The move is a tacit signal that the Republican Speaker is walking away from the concessions offered by Obama, and effectively giving up on passing a comprehensive fiscal cliff deal that includes both revenue increases and spending cuts.
“The president’s offer of $1.3 trillion in revenues and $850 billion in spending reductions fails to meet the test that the president promised the American people – a balanced approach,” Boehner said in dramatic, 50-second “press conference” Wednesday. “Tomorrow, the House will pass legislation to make permanent tax relief for nearly every American – 99.81 per cent of the American people. And then the president will have a decision to make: He can call on Senate Democrats to pass that bill, or he can be responsible for the largest tax increase in American history.”
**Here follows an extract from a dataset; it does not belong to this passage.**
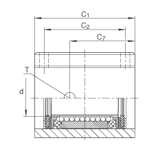 • 在主載荷方向的基本額定載荷; 基本額定載荷僅適用于淬硬(670+170 HV)及磨削過的作為滾道的軸 根據 ISO/CD 14 728-1 的基本額定載荷(最大值)
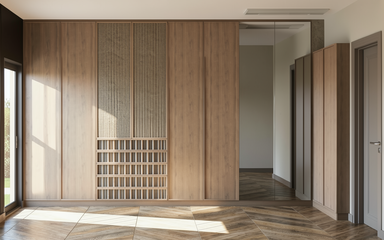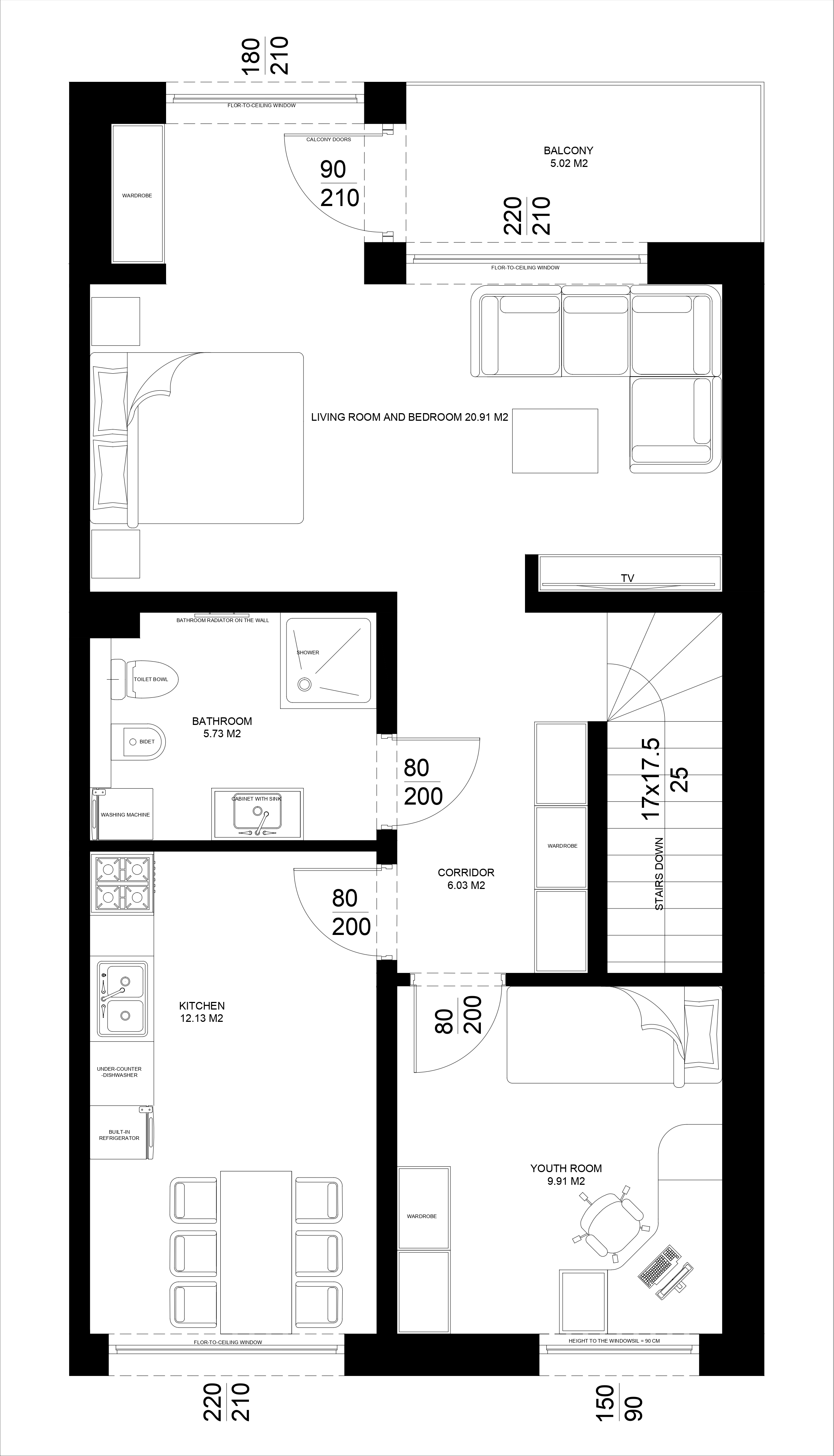 convert this floor plan into a realistic isometric 3d view of a full house show the space from an elevated angle with furniture walls and details visible do not show descriptions loft style apartment the stairs go up to another apartment the door next to the stairs leads to the room under the stairs use the same furniture as shows on the plan do not change the orientation of the floorplan

The “Plan B” vote is a tactical manoeuvre by Boehner, aimed at forcing Democrats to vote for the bill or risk raising taxes on the vast majority of Americans. According to Republican insiders, the thinking is that by getting the revenue question out of the way, the GOP will have more leverage to negotiate spending cuts and entitlement reforms during the debt ceiling debate next year.
Obama, meanwhile, has promised to veto the “Plan B” bill should it get to his desk. In his dueling press conference Wednesday, he accused Republicans of walking away from an imminent compromise that had included big concessions from the White House, including raising the income tax threshold to $400,000 and changing cost-of-living adjustments for Social Security.
“They keep on finding ways to say no, as opposed to finding ways to say yes,” Obama said. “This is not a situation where I’m unwilling to compromise. This is not a situation where I’m trying to rub their face in anything. I think anybody who looks at this objectively would say that coming off my election, I have met them at least halfway in order to get something done for the country.”
The main question now is whether Boehner can actually get Republican House members to vote for his “Plan B” bill, which would force the party to take the unprecedented move of raising marginal tax rates.
Democrats have united against the bill, so Boehner can only afford to lose about 18 votes on the Republican side. But several fiscal hawks in the GOP caucus have already come out publicly to oppose the “Plan B” option, and two powerful grassroots conservative groups have urged members to vote “No,” so its passage remains uncertain.
The Washington Post reports that GOP leaders fanned out across the House floor this afternoon to cajole members into voting, and that they will meet tonight to decide whether they have the votes, or whether they need to tie the “Plan B” bill to another bill that cuts spending in order to make it more palatable to the party’s rank-and-file.
Needless to say, if the bill doesn’t pass, it will be a total disaster for Boehner. At that point, the only option will be to come up with a compromise that can pass the House with bipartisan support. But with less than two weeks to go until the cliff deadline, it is not clear whether there will be enough time — or good will — to reach a deal.